#### Records provided
++++

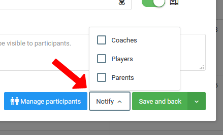 Veidojot treniņa sesiju, jums ir iespēja iestatīt dalībnieku (spēlētāju) un treneru (personāla) sarakstu. Izvēlētais spēlētāju saraksts atbildīs spēlētāju sarakstam apmeklējuma sarakstā, kad to pārbaudīsiet. Treneru saraksts, kas atzīmēti kā konkrētā treniņa personāls, tiks parādīts melnrakstā. No šejienes jums ir arī iespēja iecelt spēlētāju no citas komandas plānotajam treniņam. Dalībnieku paziņošana par treniņu balstās uz lietotāju grupu atlasi, kurām tiks nosūtīts paziņojums. Tas parādīsies gan mobilajā lietotnē, gan sistēmas tiešsaistes versijā.
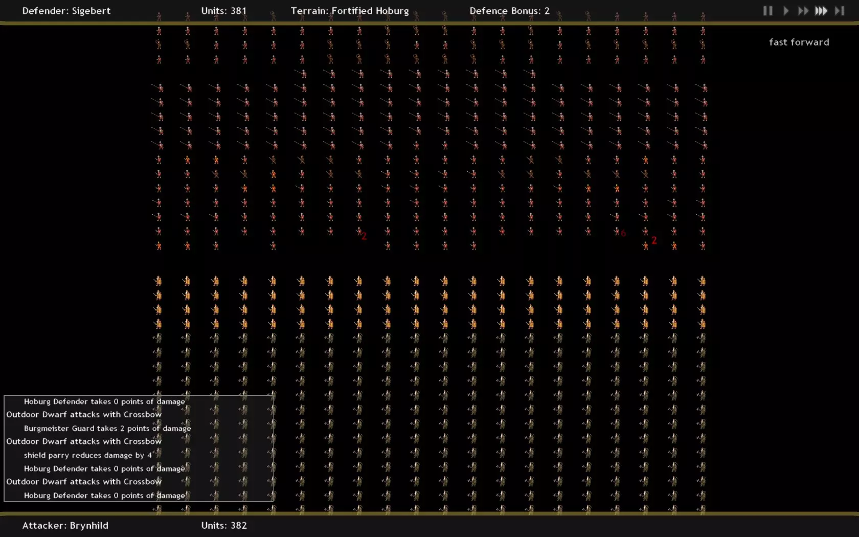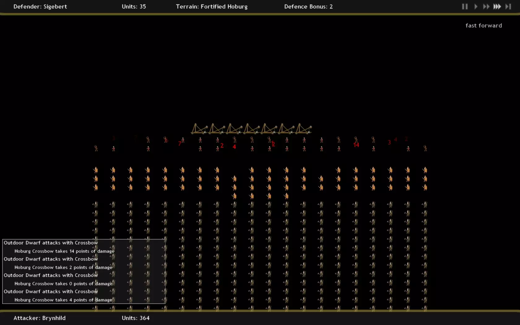规则5:远程单位造价高昂且生产耗时。矮人拥有3种远程单位。我认为劲弩手(5个单位耗费30铁)是矮人最差的远程单位。他们每3回合才能攻击一次,从长远来看,就其成本而言性价比很低(在长时间战斗中几乎毫无价值)。我一直搞不懂弩炮的用途。它们非常昂贵,而且我认为其成本和在军队中的地位并不值得……它们造成的伤害根本达不到应有的价值。由于弩炮是后排单位,如果你发现自己有几千铁的盈余,或许可以考虑使用它们。不过仔细想想,它们可能比劲弩手还要差。真正厉害的是户外矮人!他拥有1点护甲,远程伤害为1-8,具备小盾特性(同样有20%几率抵消4点伤害),并且每隔一轮可以使用十字弩射击。如果情况变得非常危急,他被迫身处前线时,凭借1-5伤害的斧头、小盾特性以及+1护甲,也能进行自保。说真的,这家伙简直就是个火箭筒!他唯一的问题是需要单独训练。所以,请保持耐心并开始行动吧,因为各位读者,这绝对是最棒、最出色且真正靠谱的单位! - 规则6:不要将矮人工人用作正面突击部队。他们需要升级后才能发挥实际作用。当然,它们可以对无甲的低级部队造成伤害,也能防御城镇免受小股游荡怪物的侵扰,但它们会受到所有命中攻击的全额伤害。这是一支弱旅……一支庞大的弱旅!
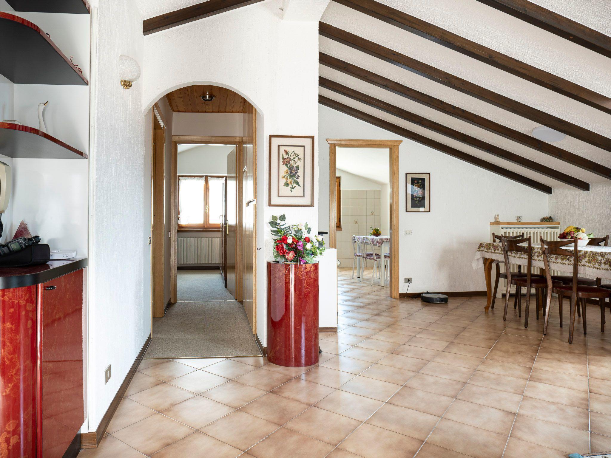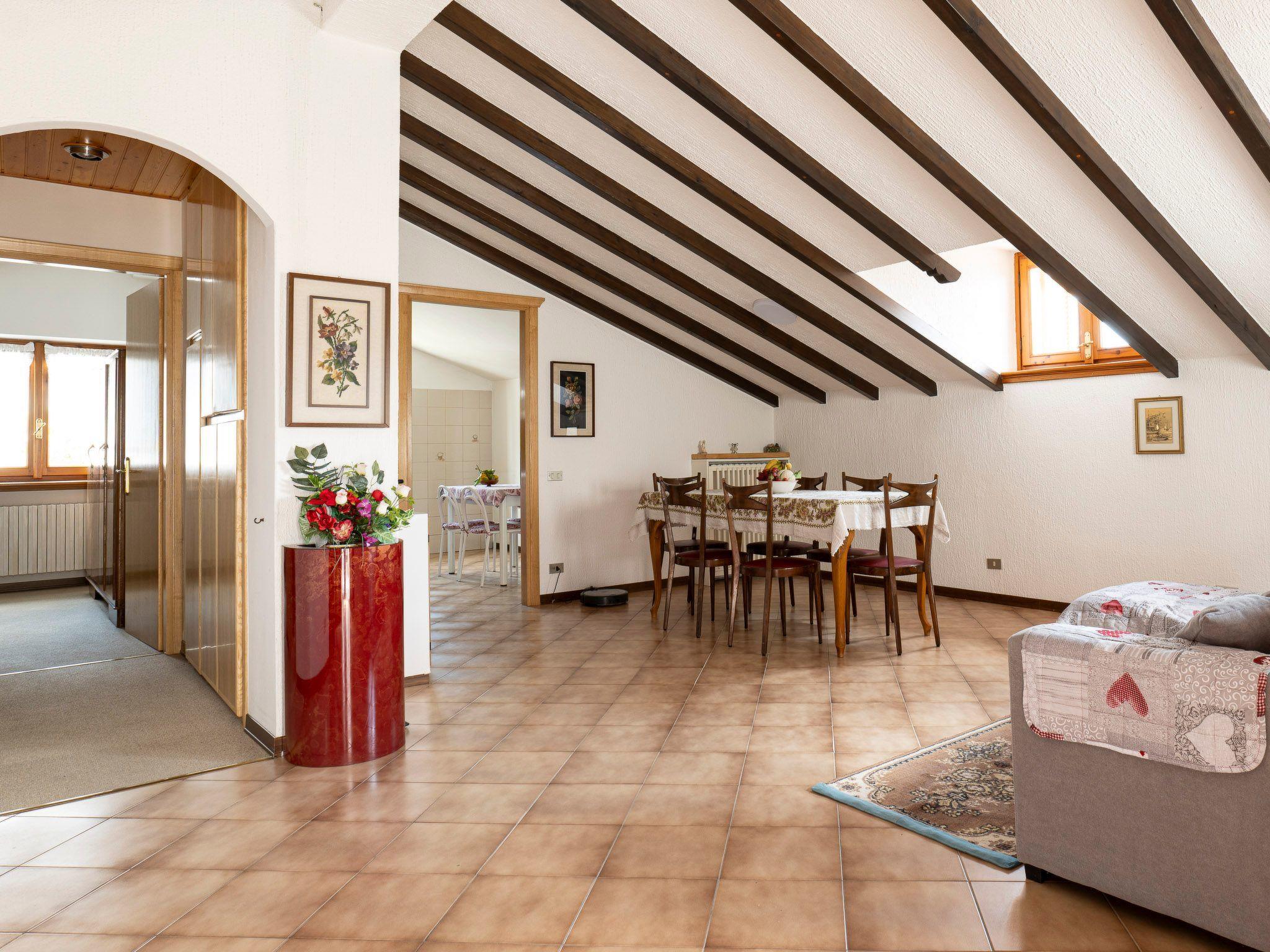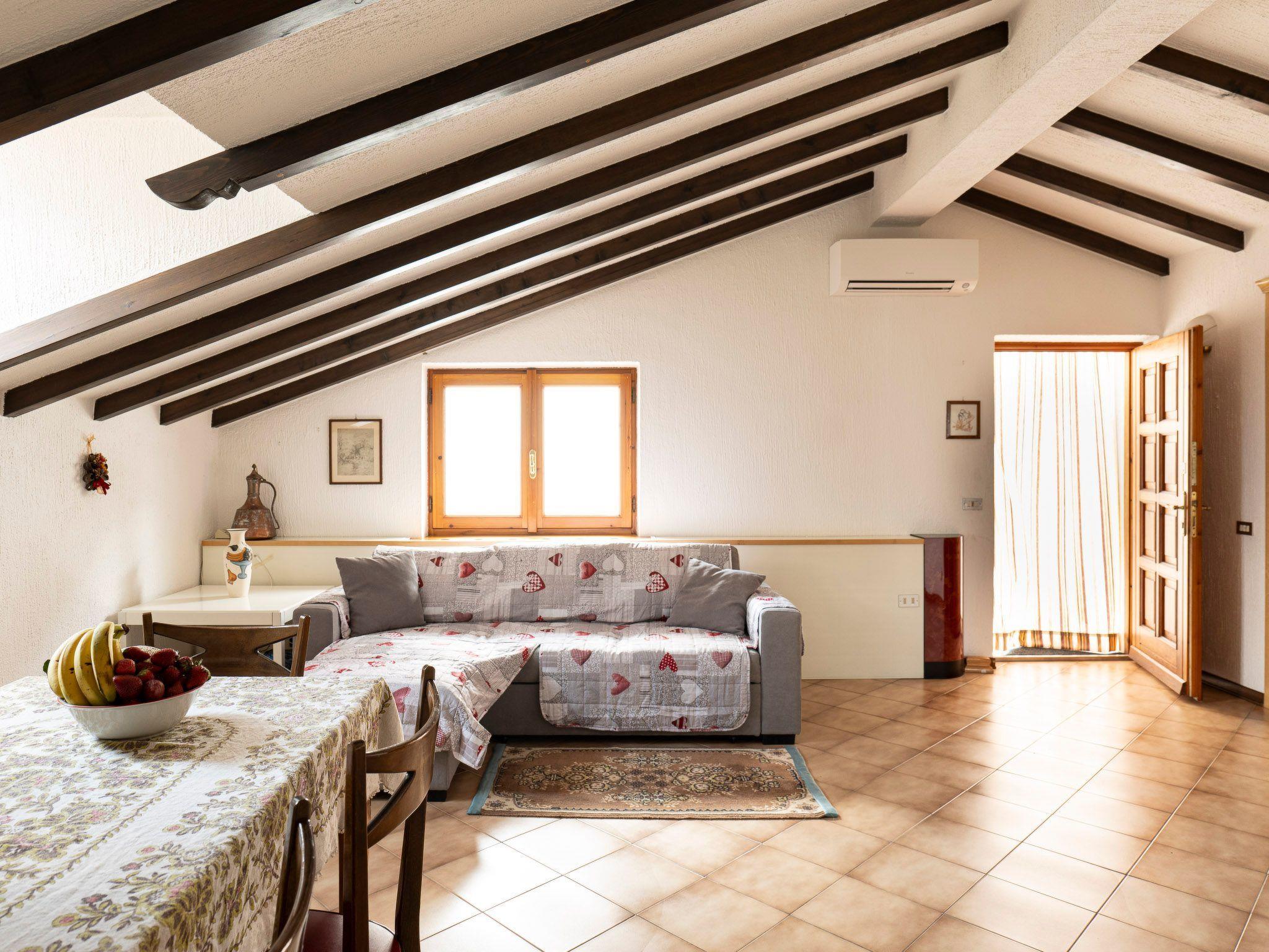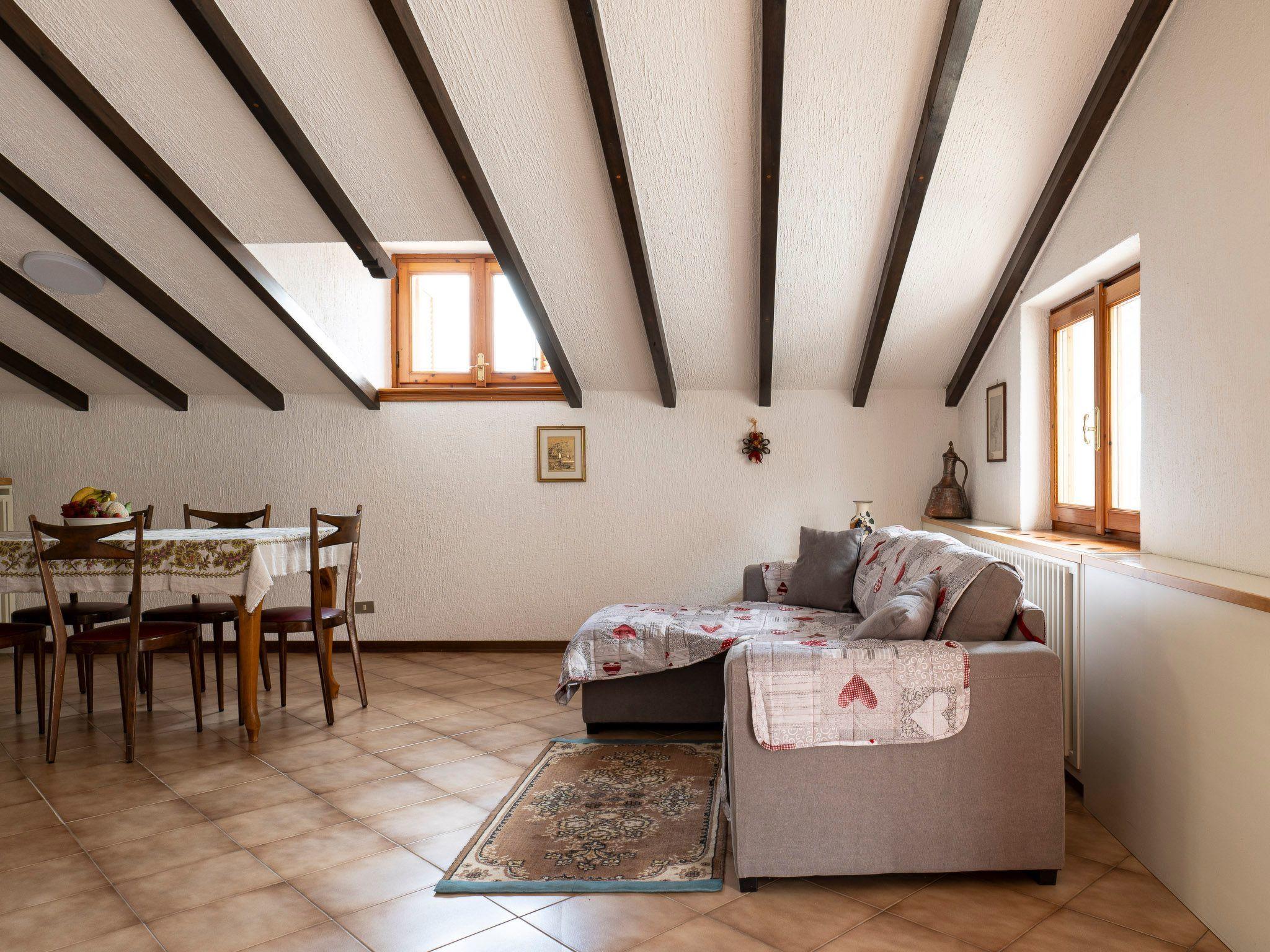 Die Dreizimmerwohnung Gioia del Verde befindet sich in der Gemeinde Tavernola Bergamasca, mit Blick auf die bergamasker Seite des Iseosees, direkt gegenüber von Montisola, in einem kleinen Gebäude in dem Teil des Dorfes, der hinter ihm den Hügel hinaufgeht. Es handelt sich um eine Mansarde mit schrägem Dach und sichtbaren Balken, die auch im untersten Teil eine gute Höhe hat und durch Dachgauben und Fenster Licht erhält.
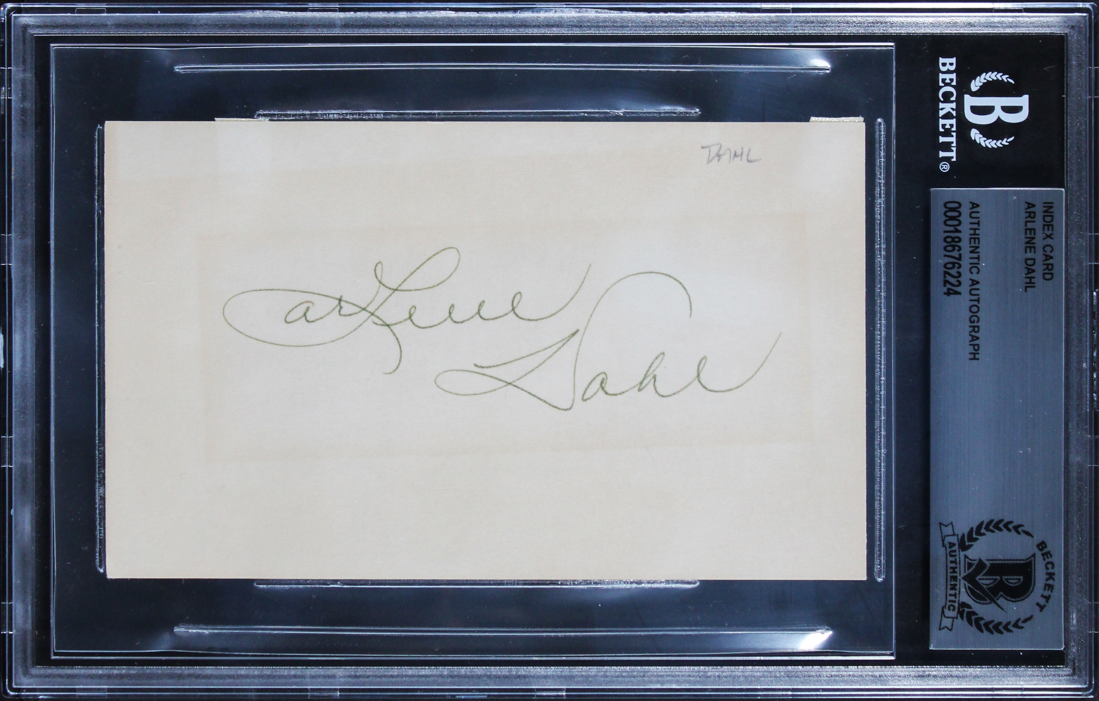 This Autographed 3x5 Index Card has been Personally Signed by Arlene Dahl of Wicked as They Come. This item is 100% Authentic, it comes slabbed and authenticated by Beckett Authentication Services. The authenticity can be verified on Beckett Authentication Services website.
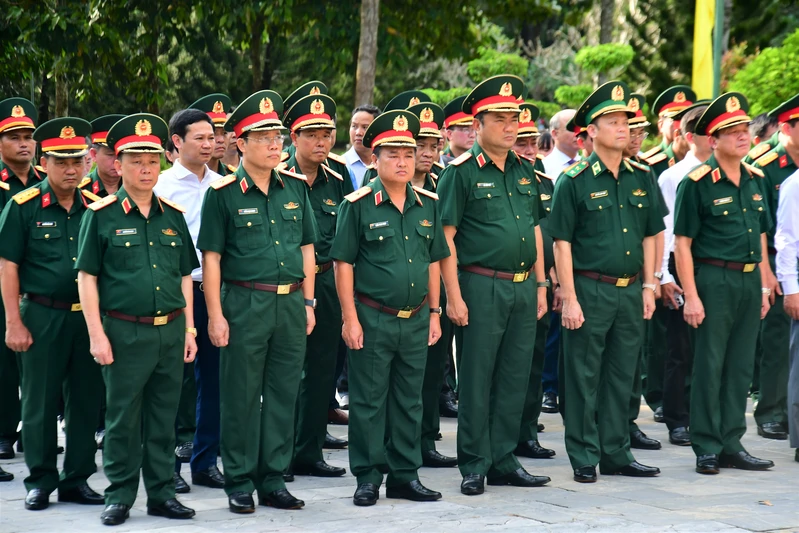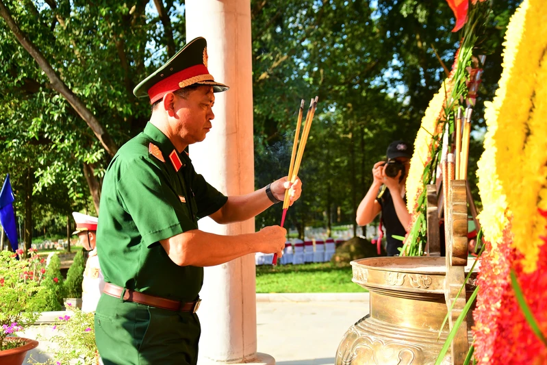 Đoàn công tác Quân ủy Trung ương, Bộ Quốc phòng đặt vòng hoa, dâng hương và dành phút mặc niệm bày tỏ lòng thành kính, biết ơn các anh hùng liệt sĩ đã anh dũng hy sinh vì độc lập, tự do của dân tộc và nhiệm vụ quốc tế cao cả.

++++

#### Task directions
Return, exactly as they stand, all of the lines above, but not the pictures.

#### Answer for this exercise
 Veidojot treniņa sesiju, jums ir iespēja iestatīt dalībnieku (spēlētāju) un treneru (personāla) sarakstu. Izvēlētais spēlētāju saraksts atbildīs spēlētāju sarakstam apmeklējuma sarakstā, kad to pārbaudīsiet. Treneru saraksts, kas atzīmēti kā konkrētā treniņa personāls, tiks parādīts melnrakstā. No šejienes jums ir arī iespēja iecelt spēlētāju no citas komandas plānotajam treniņam. Dalībnieku paziņošana par treniņu balstās uz lietotāju grupu atlasi, kurām tiks nosūtīts paziņojums. Tas parādīsies gan mobilajā lietotnē, gan sistēmas tiešsaistes versijā.
规则5:远程单位造价高昂且生产耗时。矮人拥有3种远程单位。我认为劲弩手(5个单位耗费30铁)是矮人最差的远程单位。他们每3回合才能攻击一次,从长远来看,就其成本而言性价比很低(在长时间战斗中几乎毫无价值)。我一直搞不懂弩炮的用途。它们非常昂贵,而且我认为其成本和在军队中的地位并不值得……它们造成的伤害根本达不到应有的价值。由于弩炮是后排单位,如果你发现自己有几千铁的盈余,或许可以考虑使用它们。不过仔细想想,它们可能比劲弩手还要差。真正厉害的是户外矮人!他拥有1点护甲,远程伤害为1-8,具备小盾特性(同样有20%几率抵消4点伤害),并且每隔一轮可以使用十字弩射击。如果情况变得非常危急,他被迫身处前线时,凭借1-5伤害的斧头、小盾特性以及+1护甲,也能进行自保。说真的,这家伙简直就是个火箭筒!他唯一的问题是需要单独训练。所以,请保持耐心并开始行动吧,因为各位读者,这绝对是最棒、最出色且真正靠谱的单位! - 规则6:不要将矮人工人用作正面突击部队。他们需要升级后才能发挥实际作用。当然,它们可以对无甲的低级部队造成伤害,也能防御城镇免受小股游荡怪物的侵扰,但它们会受到所有命中攻击的全额伤害。这是一支弱旅……一支庞大的弱旅!
 Die Dreizimmerwohnung Gioia del Verde befindet sich in der Gemeinde Tavernola Bergamasca, mit Blick auf die bergamasker Seite des Iseosees, direkt gegenüber von Montisola, in einem kleinen Gebäude in dem Teil des Dorfes, der hinter ihm den Hügel hinaufgeht. Es handelt sich um eine Mansarde mit schrägem Dach und sichtbaren Balken, die auch im untersten Teil eine gute Höhe hat und durch Dachgauben und Fenster Licht erhält.
 This Autographed 3x5 Index Card has been Personally Signed by Arlene Dahl of Wicked as They Come. This item is 100% Authentic, it comes slabbed and authenticated by Beckett Authentication Services. The authenticity can be verified on Beckett Authentication Services website.
 Đoàn công tác Quân ủy Trung ương, Bộ Quốc phòng đặt vòng hoa, dâng hương và dành phút mặc niệm bày tỏ lòng thành kính, biết ơn các anh hùng liệt sĩ đã anh dũng hy sinh vì độc lập, tự do của dân tộc và nhiệm vụ quốc tế cao cả.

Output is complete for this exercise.